0

I have a huge csv file (like 8GB or much more, with millions of lines), the first field is a text field (no quoting), the second one is a date in the format mm/dd/yyyy. The other fields may vary. No header, utf8 encoding. See an example here:

Lorem ipsum dolor sit amet,10/30/2020,2340.234450,pet,999
consectetur adipiscing elit,10/30/2020,54.2,home,577

I need to efficiently (as quick as possible) sort the file by dates, using Python, without loading all the file together into memory. The problem is I have little memory (4GB RAM or so). Older dates should go first.

I found some solutions (e.g. this and this) directly using the OS commands, but none specific to Python and date fields. Also, I cannot use databases. Could you help me?

Forinstance
  • 413
  • 4
  • 17
  • 2
    You can't sort something without loading it into memory. The pages you refer to, still are loading it into memory, but into *someone else's* memory. Eg. DOS/Unix SORT command's memory If you want to sort it, the entire contents have to be available in memory, otherwise the sort maybe inaccurate. – Benjamin Schollnick Oct 30 '20 at 15:36
  • I though I could, dividing it in chunks, or similar. Similar to this question: https://stackoverflow.com/questions/7361074/how-can-i-sort-large-csv-file-without-loading-to-memory. Now I edited the question, to be more specific. Could it be that I recursively load part of the file into memory and not all of it, if this is too much? – Forinstance Oct 30 '20 at 15:39
  • I would probably be better to use something like pandas to read the file, sort it by date and then save it again so it is at least in order. You are asking for a lot and expecting to do little. If memory is still an issue you could split the data up but I don't think you are going to get an answer you are looking for. – sntrenter Oct 30 '20 at 15:42

1 Answers1

0

You can try some "hack" solutions like uploading your file to a machine with more RAM (colab for example, though the upload will take some time).

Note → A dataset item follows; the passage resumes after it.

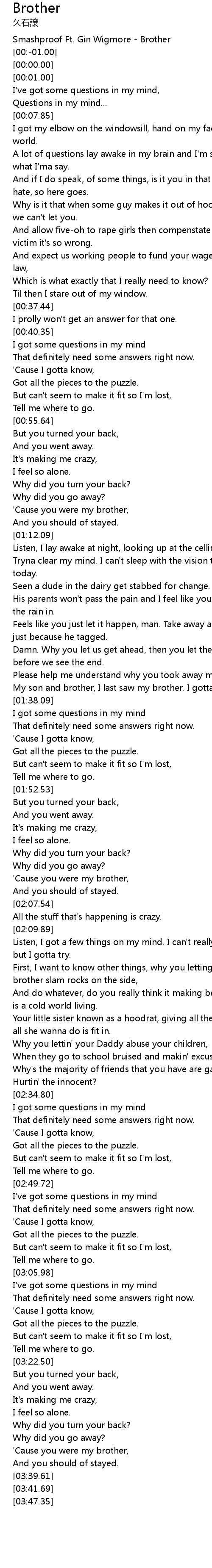 A lot of questions lay awake in my brain and I'm still tryna suss out what I'ma say. |

You could also increase your SWAP memory to be able to load artificially in the RAM.

Or you could clean it a bit by extracting only the date column and an ID for each row (open it in chunks) then create a new dataframe with only ID and date, sort it normally and you will have the indexes in order.

However, you can't order your dataframe in chunks because depending on the sorting algorithm, it may be inaccurate. If you have this: 3 9 1 2 5 6 4 0 8 7 and order it in two chunks, you will have these: 1 2 3 5 9 || 0 4 6 8 7 how do you combine them without having to reorder everything?